# Download server lagging?



## Erethzium (Dec 19, 2014)

In stark contrast to how the main site usually lags and the download server is fine, it now seems that the main site is running fine but the download server is lagging horribly.

Often times takes 15+ seconds for Full View / Download to work.

What's going on?


----------



## BITRATE (Dec 19, 2014)

Been having the same issues recently (for about 2 - 3 days), I assume still no word on what's going on.


----------



## lolox (Dec 20, 2014)

Ever since DDoS attack site has been completely unusable for me. 90% of the time the page load times out. Pictures are not displayed. Posting comments and removing notifications is almost impossible.


----------



## GamerFox (Dec 20, 2014)

Is the DDOS still ongoing?


----------



## Erethzium (Dec 20, 2014)

lolox said:


> Ever since DDoS attack site has been completely unusable for me. 90% of the time the page load times out. Pictures are not displayed.
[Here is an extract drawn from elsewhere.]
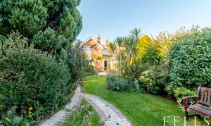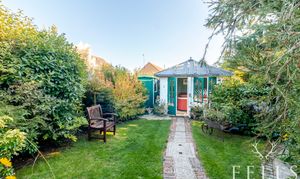 Upstairs, four double bedrooms await. The principal room features stripped wood floors, fitted wardrobes and a cast-iron fireplace, while bedroom two offers similar period charm. The rear bedrooms enjoy lovely views across the garden, with bedroom three benefitting from an en-suite shower room. A heritage-style family bathroom with clawfoot bath and generous shower completes the picture.

Posting comments and removing notifications is almost impossible.



Site seems to be perfectly usable for me, but trying to fullview/download images takes forever.


----------



## Spottycat (Dec 21, 2014)

Doesn't this have to do with simply disabling Cloudflare's image optimization?    Feature that has been in beta forever and has been reported to not work very well in a lot of situations.  Should be a simple toggle in a dropdown menu.   Not sure what the impact of turning this off would be at this point, but I'd be surprised if that didn't resolve the issue people are having with images not loading up in a timely fashion.


----------



## 2ndVenus (Dec 21, 2014)

NorthWest England

I have been having some serious issues now for about 3 days. The pages load up fine, but all images do not load, just empty grey boxes. This includes pictures, thumbnails and Avatars.
if i keep refreshing the page they eventually ping up and start downloading but it would appear as if either A: The download server is having issues  with the DDoS protection suite or B: There is an ongoing DDoS attempt and this is simply the residual effects or C: Download server having hickups?

A being most likely, C being least likely.


----------



## Ainoko (Dec 21, 2014)

Having the same issues here as well, images taking up to 3 minutes to load at times


----------



## Ryu Deacon (Dec 21, 2014)

well ive had the same issue for the past 3 Days or so but looks like im now done with FA, now cannot see a single submission on FA and i doebt the administration will fix this. I deleted my cookies because i thought that was the issue for the slow load, now nothing will show -_-.

Note that this will mean no new people can join this site  because they wont be able to see anything.


----------



## Taralack (Dec 21, 2014)

The image/content servers are currently down. Admins are aware of it and trying to fix it.


----------



## GamerFox (Dec 21, 2014)

I want a status update.

Or at least take the site read-only, for fucks sake...


----------



## AliothFox (Dec 22, 2014)

Yeah, really.  So much for the transparency.  Giving the site's users a useless Twitter-fied way to make fancy icons appear, but they can't give us a status update when the site is, for all intents and purposes, down for three hours.


----------



## Blitza (Dec 22, 2014)

Fa is really going down fast, and that is the great Update after People spend there Money on the donation drive Neer made ??

It gives no month were FA havent any Problems and funny is you had an Hacker over an Year in your Team and you did know that well ???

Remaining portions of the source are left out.